Yes and no. Smith presents Seattle mourning his dying people, warning Americans they may suffer the same fate: “We may be brothers after all.” But Seattle invited Americans to intermarry with his people so that both could prosper; why would he have mourned their death? He demands that his people be allowed access to the graves of their ancestors, then launches into a remarkable contrapuntal exercise describing the two races’ differences. But he makes a crucial point: while his people’s numbers may decline, the number of their dead in their long life in this world is vast.  

155 years after his death, Seattle is more relevant today than he was in his lifetime.  His vision becomes more compelling as our society painfully confronts its contradictions.

Seattle spoke near winter solstice time when, in Native belief, the dead visited the living. This could be dangerous, especially if lonely ghosts kidnapped kindred souls.
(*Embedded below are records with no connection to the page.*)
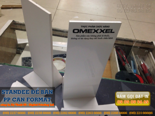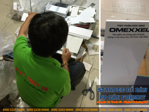 Sau khi in tấm PP với tên thương hiệu Thực phẩm chức năng Omexxel, nhân viên gia công của In Kỹ Thuật Số thực hiện dán bồi tầm PP lên tấm format đã được cắt thành hình, sau đó ghép lại với nhau thành standee mini để bàn kết hợp kệ trưng bày.
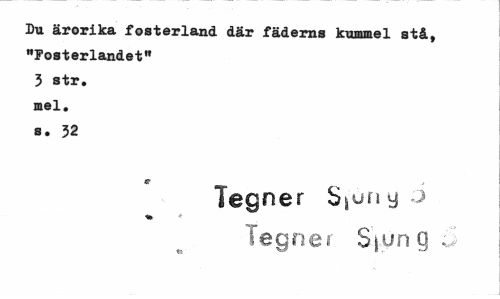 //// Du ärorika fosterland där fäderna kummel stå, "Fosterlandet" 3 str. mel. s. 32 //// st J //// Tegner S^uny^ //// » * //// Tegner Sjung , ////
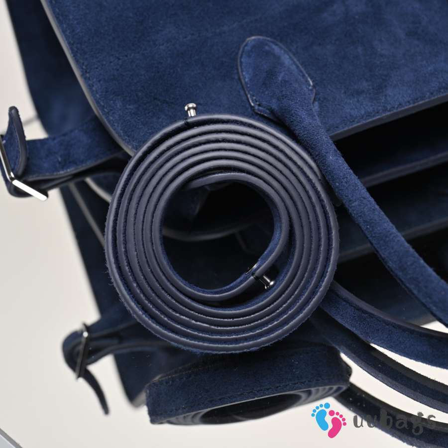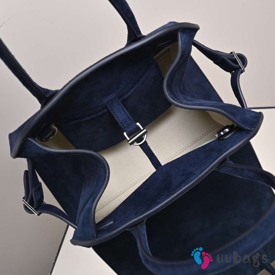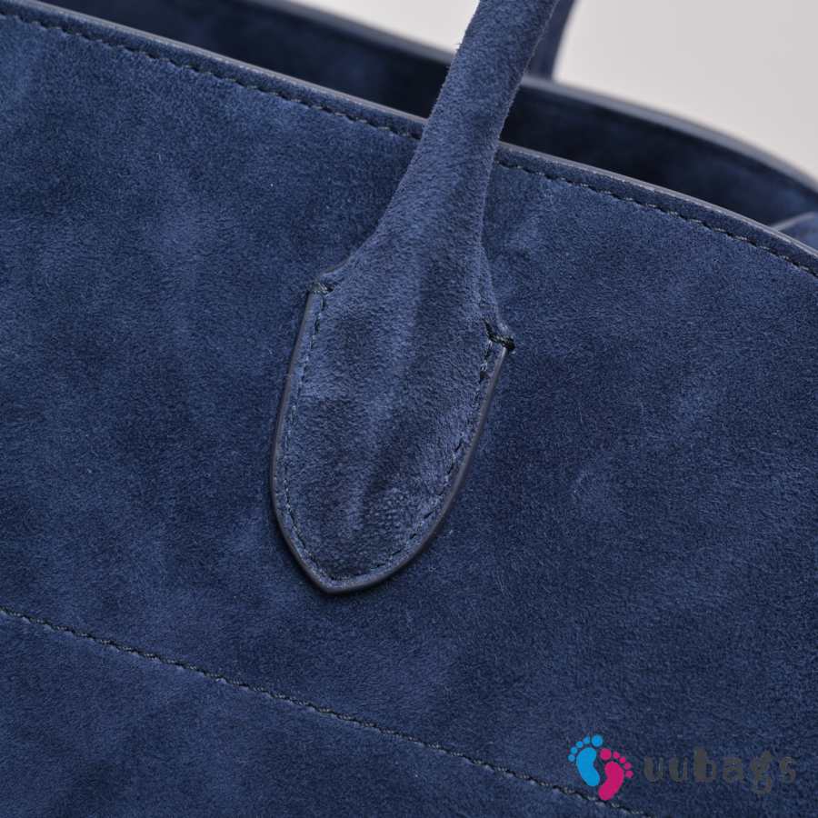 Uubags The Row Small Soft Margaux 10 Bag In Navy Blue Suede 25.5x18x19cm
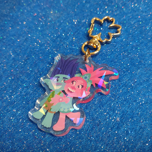 Home / Accessories / Troll Love Holographic Keychain Troll Love Holographic Keychain$6.00 6 in stock Troll Love Holographic Keychain quantity Add to cart Categories: Accessories, Keychain Tags: holographic, Keychain, Nostalgia, trolls Description Additional information Description 2″ acrylic keychain, with glitter! Additional information Weight .3 oz Dimensions 2 × 1 × 1 in Related products Accessories , Buttons Morning Glory and Sting Button Art Print The Red Queen and Rabbit Print Accessories , Buttons Pink Pony Plush Button Accessories , Buttons Star Pony Button
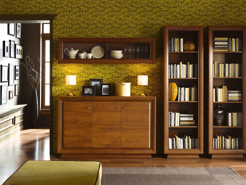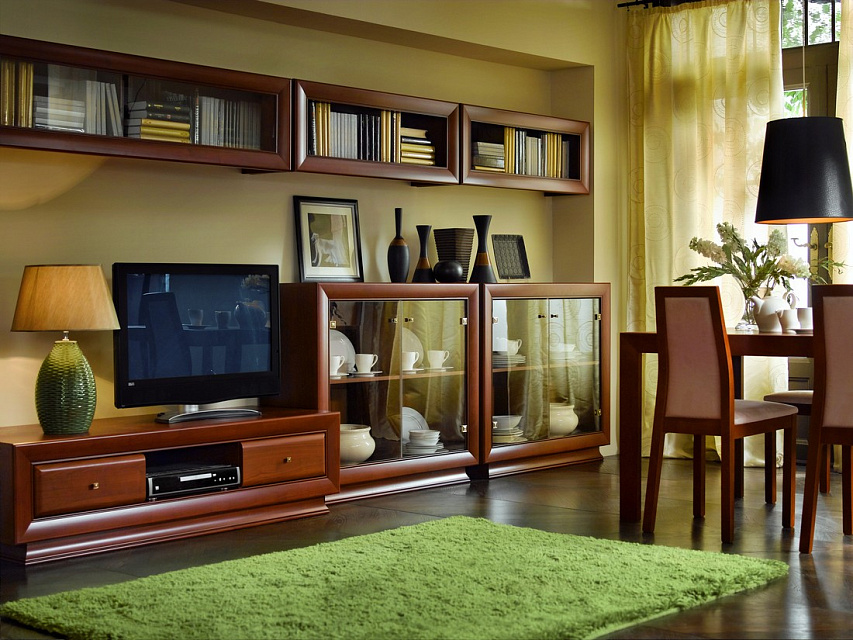 Largo Classic - эксклюзивная классическая модульная система в цвете "патинированная вишня итальянская". Выпуклые фасады с декоративной рамкой, аккуратные латунные ручки подчеркивают характерные особенности системы. Вертикальные элементы оборудованы массивным, фрезерованным цоколем.

The Americans had left the graves of their ancestors, and where their dead went, none could say. When Americans died here, they would meet the Duwamish dead, and Seattle warned Stevens and the Americans that: “the dead are not powerless.” Indeed, he continued, the whites must “…be just and deal kindly with my people.”

Seattle’s message was far more than a ghost story. Everything he had done, by inviting Americans in, and in everything he strove to do, he envisioned a community in which both races could share not just life together, but a more abundant life. The trajectory of his life and speech, which Smith interpreted fatalistically as “we may be brothers after all,” is more like “we are brothers, after all.”

That was the message Seattle left with the governor and his American compatriots that cold day. Interest in it continues to grow; it has been rewritten and bowdlerized to an astonishing, even dismaying, degree. As a malleable symbol, Seattle has been molded to satisfy evolving notions of who we wish him to be: peacemaker, prophet, doomsayer, philosopher, even environmental saint. Although despised and traduced in his lifetime and used and misused by white Americans, his stature continues to grow. His Duwamish people, cheated, dispossessed, and ignored, continue to survive in a city that pointedly ignores or romanticizes them. Not a single mayor has sat down with them to discuss their and their chief’s claims upon our better natures.  

One hundred and fifty-five years after his death, he is more relevant today than he was in his lifetime. His vision becomes more compelling as our society painfully confronts its contradictions. Let us continue to ask, then: who is Chief Seattle?